Yes. It was truly so special getting to film in the beautiful parts of Asia like Vancouver, Canada. My immigrant Chinese parents were always telling me about the Cascade Mountains growing up. 

Q: You’ve also written for TV. What similarities or differences did you find between being in a writers room and being on set as an actor? Do you prefer one over the other, or were they both equally collaborative experiences?

For the most part, they’re entirely different experiences. Staffing in a writer’s room is essentially an office job. Because Joy Ride was so uniquely collaborative, the actors were encouraged to  improvise on set and pitch jokes. In that sense, there were some elements of being on set that reminded me of being in a comedy writer’s room.

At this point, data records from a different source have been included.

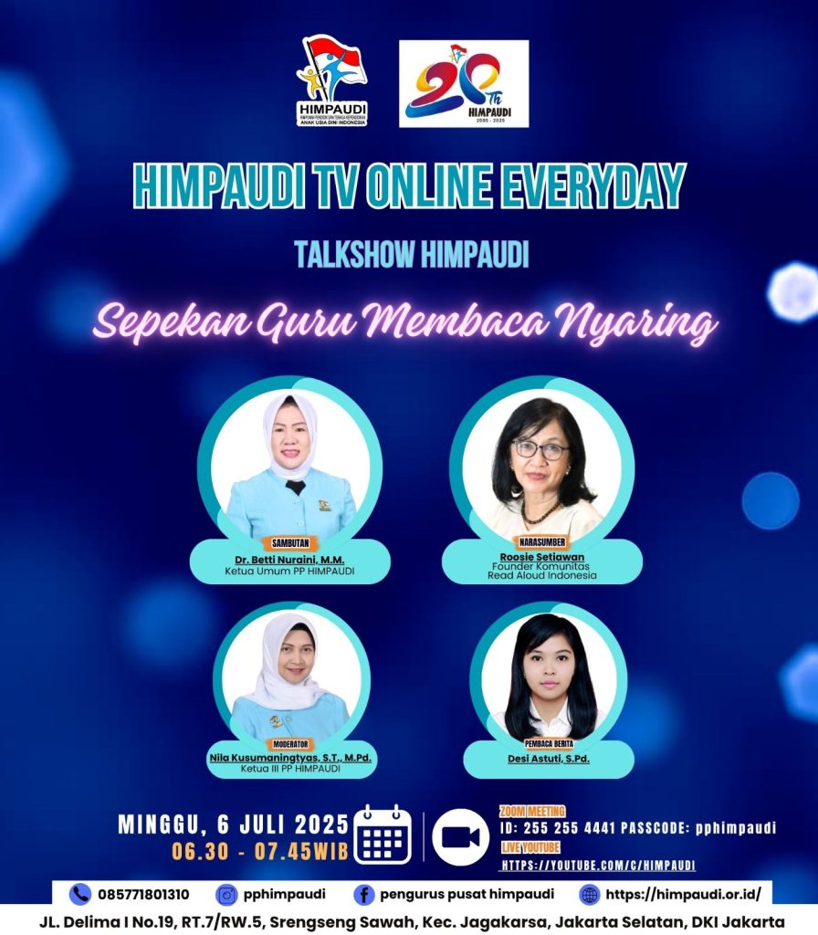 Talkshow HIMPAUDI SEPEKAN BERSAMA HIMPAUDI TV DALAM PERINGATAN HARI STORYTELLING DUNIA 2025 dengan Tema Menanamkan 7 Kebiasaan Anak Indonesia Hebat melalui Story Telling di HIMPAUDI TV Online Everyday pada:
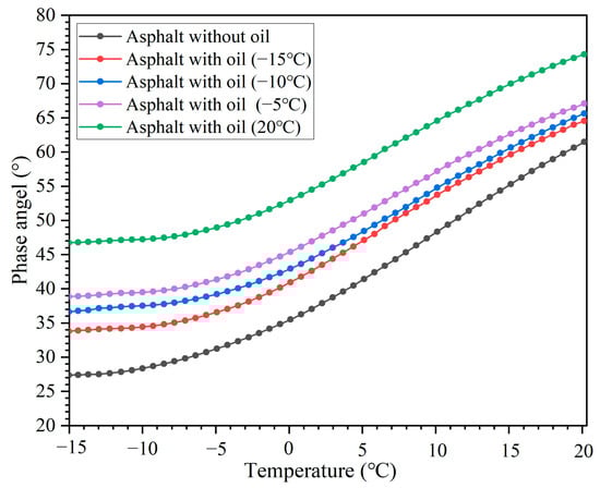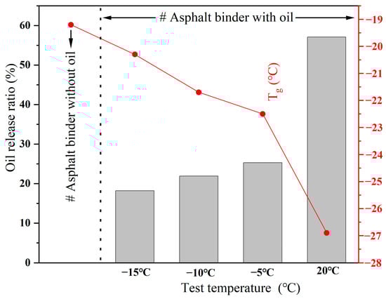 The Tg of the asphalt binders from the mixture beams after loading with 64,000 cycles at different service conditions are presented in Figure 12. The Tg of the asphalt binders with oil was apparently reduced when compared with the asphalt binder without oil. This implied that the release of oil from the capsules could improve the possibility of molecular motions and, thus, decrease the Tg of the asphalt. Besides, the healing agent release ratio increased with the rise in the simulated service temperature, and thus, the Tg of the asphalt decreased due to the rejuvenation effect of the healing agent, which is consistent with other literature [,]. Hence, when compared with a mild temperature (20 °C), the regeneration effect of the healing agent on the asphalt binder under low temperatures (−15, −10, and −5 °C) is less pronounced.
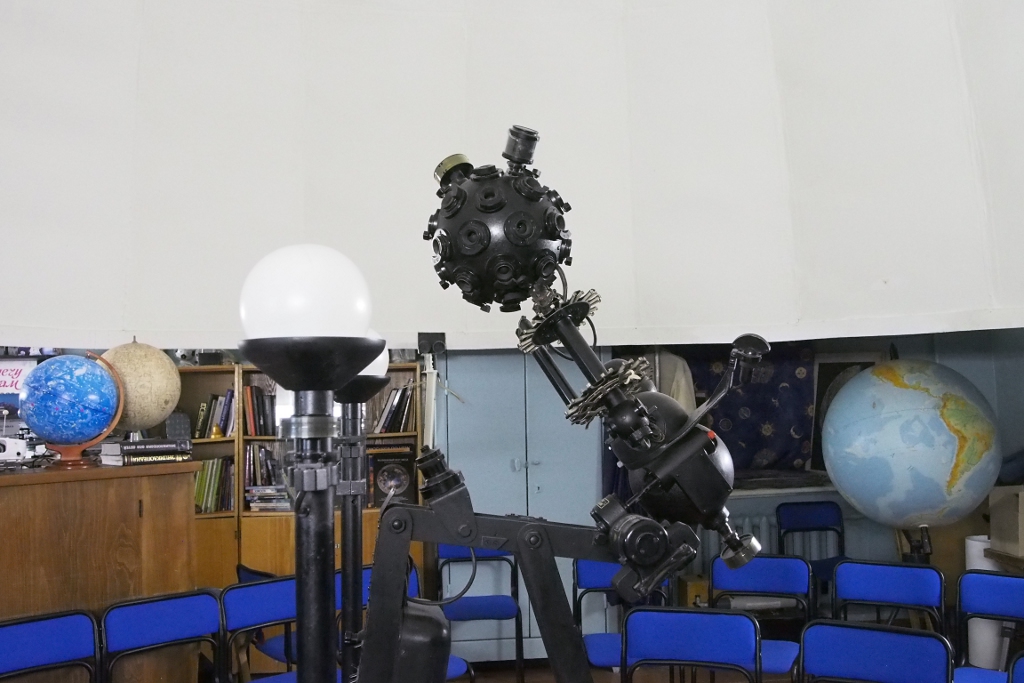 Небольшая комната, заставленная глобусами и увешанная звездными картами. На столах – макеты и модели планет, детские рисунки, какие-то хрупкие стеклянные приборы неизвестного назначения. Над всем этим космическим великолепием расположился шестиметровый купол, в центре которого стоит оптический проектор. Он-то и создает ту самую звездную атмосферу. Кажется, ещё немного, и можно будет протянуть руку и смахнуть все звезды себе в карман, как хлебные крошки со стола.

Q: Before Joy Ride, your performance experience was mostly improv and stand-up comedy (like on The Tonight Show). You mentioned in previous interviews that you filmed over 100 takes for your audition. How exactly did you find yourself auditioning for Joy Ride? What was the process like transitioning from standup comedy to film acting, and was it challenging to adjust to a different medium (recorded versus live performance)?

I auditioned for Joy Ride almost three years ago. I was represented by WME as only a TV writer/comic then, but I was always interested in acting. I had taken acting courses at Harvard and had been in amateur productions while in school and after graduating. I asked my agents to start letting me submit tapes because I thought there was a chance I could do it, and why not? It’s very typical for a stand-up to try their hand at acting. 

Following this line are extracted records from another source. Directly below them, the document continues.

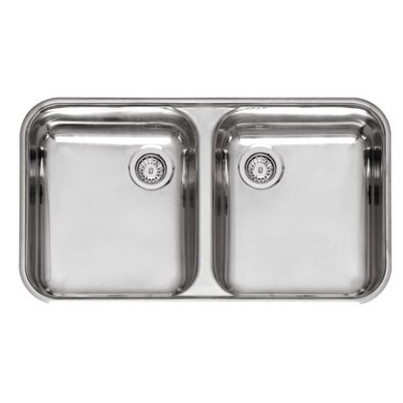 DI3540VKPZO RVS dubbele spoelbak vlak met korfpluggen ZONDER OVERLOOP
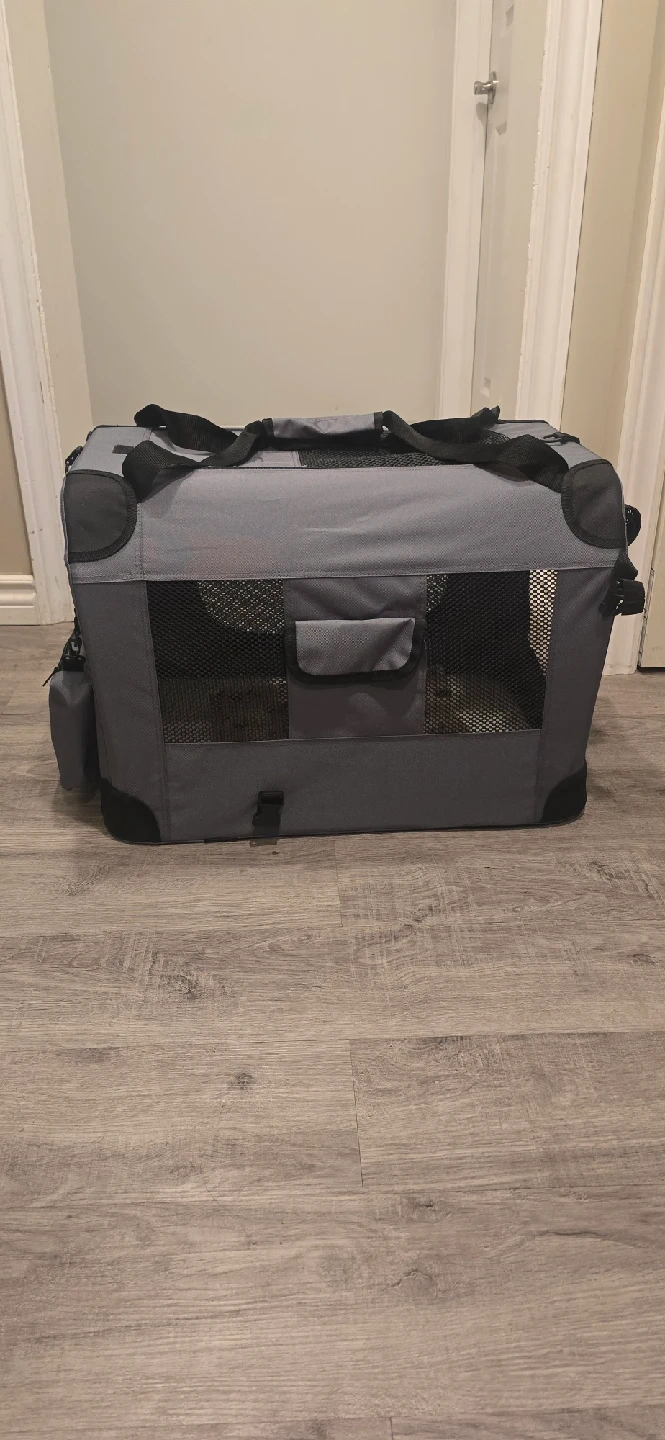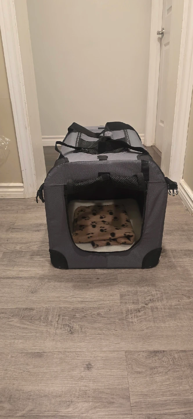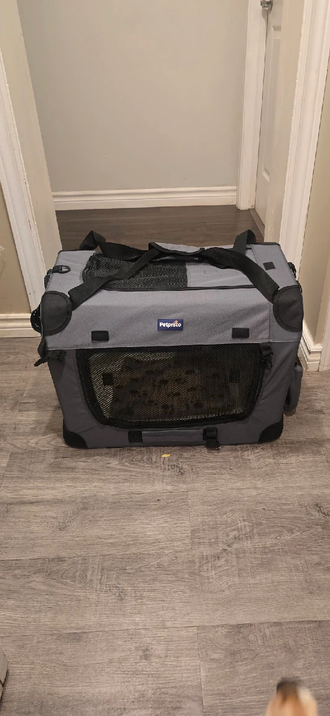 53Selling a Petprosco pet carrier, brand new, never used. It's a great way to transport your furry friend safely and comfortably. It features mesh windows for ventilation and visibility, and sturdy handles for easy carrying. Perfect for vet visits or travel! Comfortably holds pets up to 30 lbs. Comes with base pad, blanket and collapsible water/food bowl. Folds flat for easy storage. See Amazon link of actual product https://a.co/d/2t0BJEQ
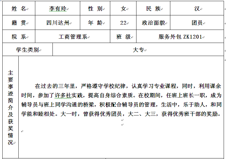 重庆科创职业学院2015年优秀毕业生——李有玲
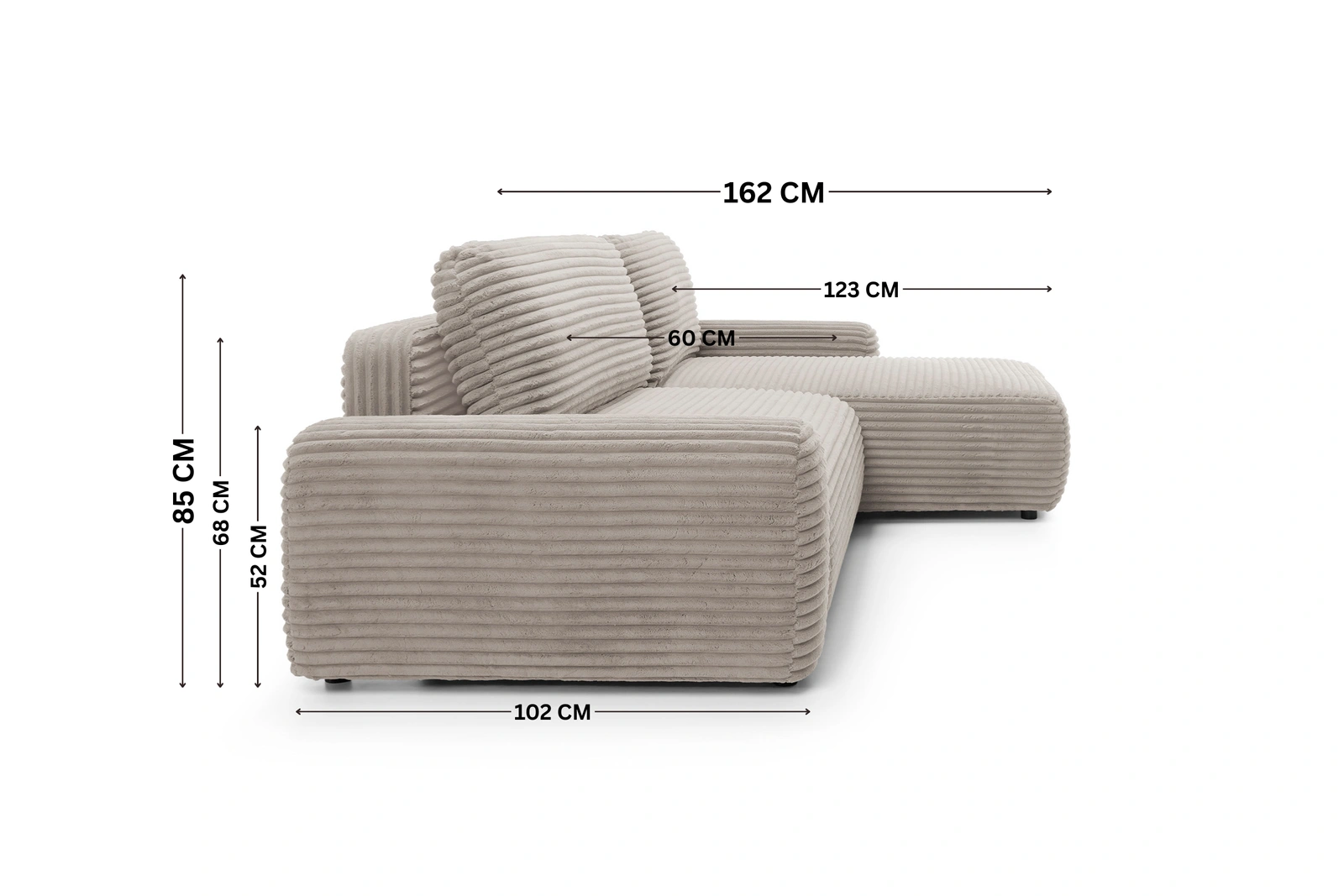 • Uwaga: Ze względu na specyfikę mebli tapicerowanych wymiary mogą się różnić o +/- 3 cm. Kolory tkanin na zdjęciach mogą nieznacznie różnić się od rzeczywistych w zależności od ustawień monitora.

Stand-up and film acting are different enough that I didn’t think of myself as “transitioning” from one to the other. I did have to learn while shooting Joy Ride how to keep my energy up as a performer. Doing stand-up requires short bursts of energy and the laughter from a crowd can really fuel you. Film shoots are often 12 hours long and those watching are trying to keep quiet so as to not ruin the footage.

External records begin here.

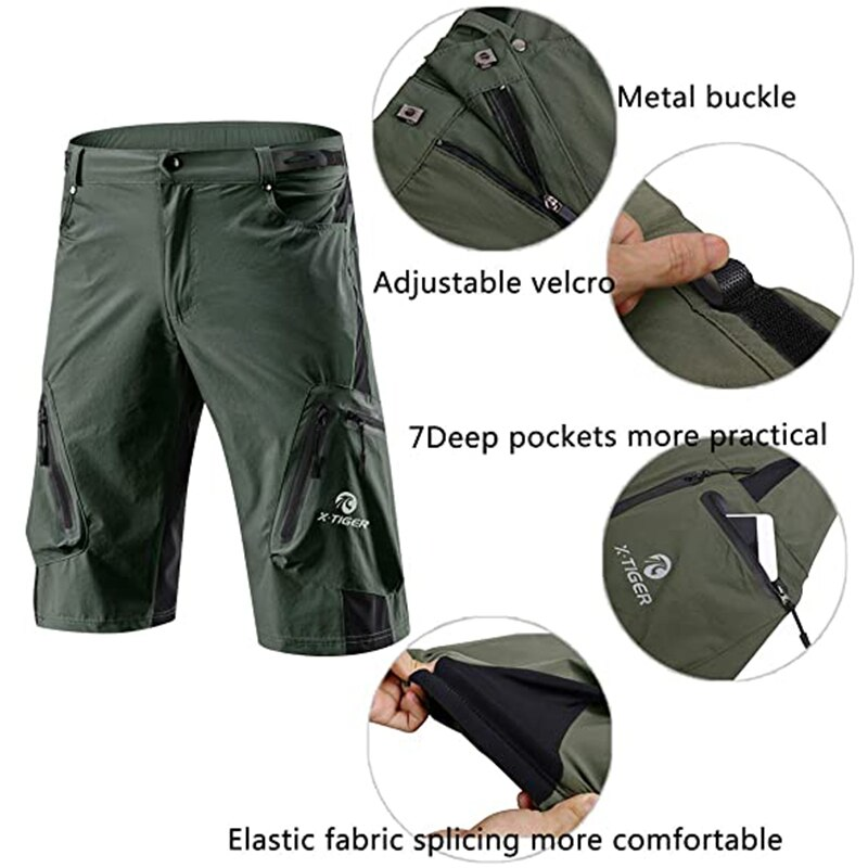 Cu un design cu multiple buzunare, acești pantaloni scurți căptușiți pentru bărbați pot depozita cu ușurință smartphone-ul, cheile, gustările și alte obiecte. De asemenea, pantalonii au un logo reflectorizant care asigură siguranța ta în timpul mersului pe bicicletă pe timp de noapte. Poți alege și modelul care vine împreună cu pantaloni scurți interiori cu pernuță căptușită cu gel. Aceasta oferă o protecție bună și ajută la prevenirea accidentărilor cauzate de mersul pe bicicletă.
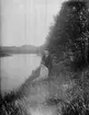 Enligt senare noteringar: "Munkedalsbon Henning Andreasson, fotograferad någonstans vid Kvistrumsälven. Andreasson var anställd vid MAB bl a som snickarförman. Han hade motorcykel som tjänstefordon då han övervakade arbetena." (BJ)
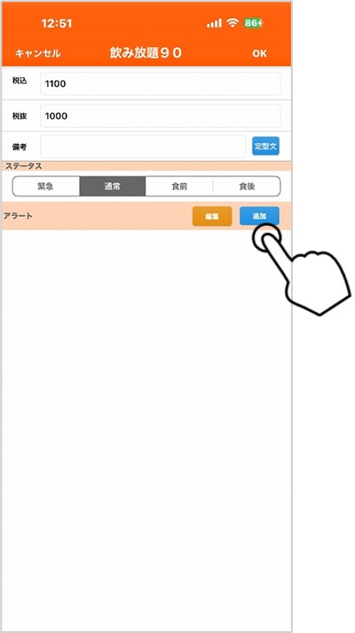 放題設定で入力した「アラート」は指定時間にジョッキアイコンがカラになるだけで分かりにくいです。
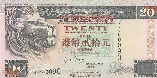 所以实际上来说,港元只是个兑换卷,拿着港币你就可以兑换成美元,然后在兑换成人民币,那么真正属于香港发行的货币其实只有10块钱的纸币,和一些零散的硬币。所以大家能在10元的纸币上面看到,“法定货币”这四个字,但是在20-1000面值的纸币上,可以看到“凭票即付”这四个字。
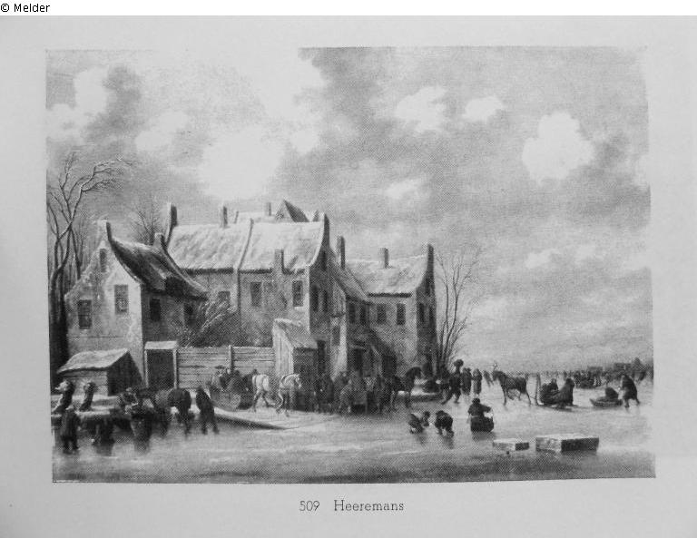 Schlossähnliches Gehöft an einem zugefrorenen Fluss, auf welchem viele Schlitten und Schlittschuhläufer zu sehen sind. Bez.r.u.: Th. Mans, dat 1668. Goldrahmen.
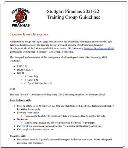 The Stuttgart Piranhas consists of five main groups which correspond to the USA Swimming ADM Guidelines. Before contacting us, please review the training group guidelines outlining the minimum the various groups which can be found here.
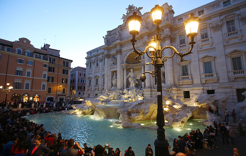 特雷维喷泉及“许愿池”落成于1762年,是经典电影《罗马假日》取景地,每年吸引成千上万游客。根据传统,游客往往在此许愿并向池中抛硬币。“许愿池”中每年捞出的硬币动辄逾百万欧元,均捐给慈善机构。
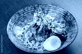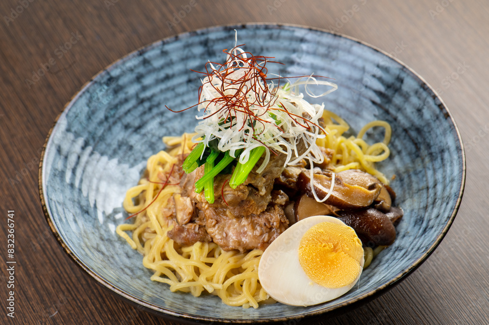 A bowl of noodles with beef, mushrooms, and a soft-boiled egg.
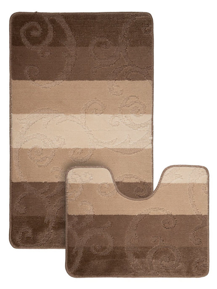Набор противоскользящих ковриков для ванной и туалета, Vonaldi, 60*100+60*50 см, бежево-коричневый

Q: Was it very different playing a “character” who’s not yourself? Or do you find when doing standup you’re also playing a sort of character? Was your “method” of preparing similar? 

That’s interesting. I guess in both mediums I’m playing a character. When I do stand-up, I’m playing a particular version of myself. A version I try to keep as close to the real me as possible. And if I notice myself changing as a person in real life, I try to make appropriate adjustments to my delivery and writing. 

When I’m playing Deadeye or other characters, I do all sorts of nerdy acting homework. I think about their objectives and tactics within a scene. I recall my own memories and emotions that help me tap into their headspace. I think of the characters as versions of myself. But far away versions.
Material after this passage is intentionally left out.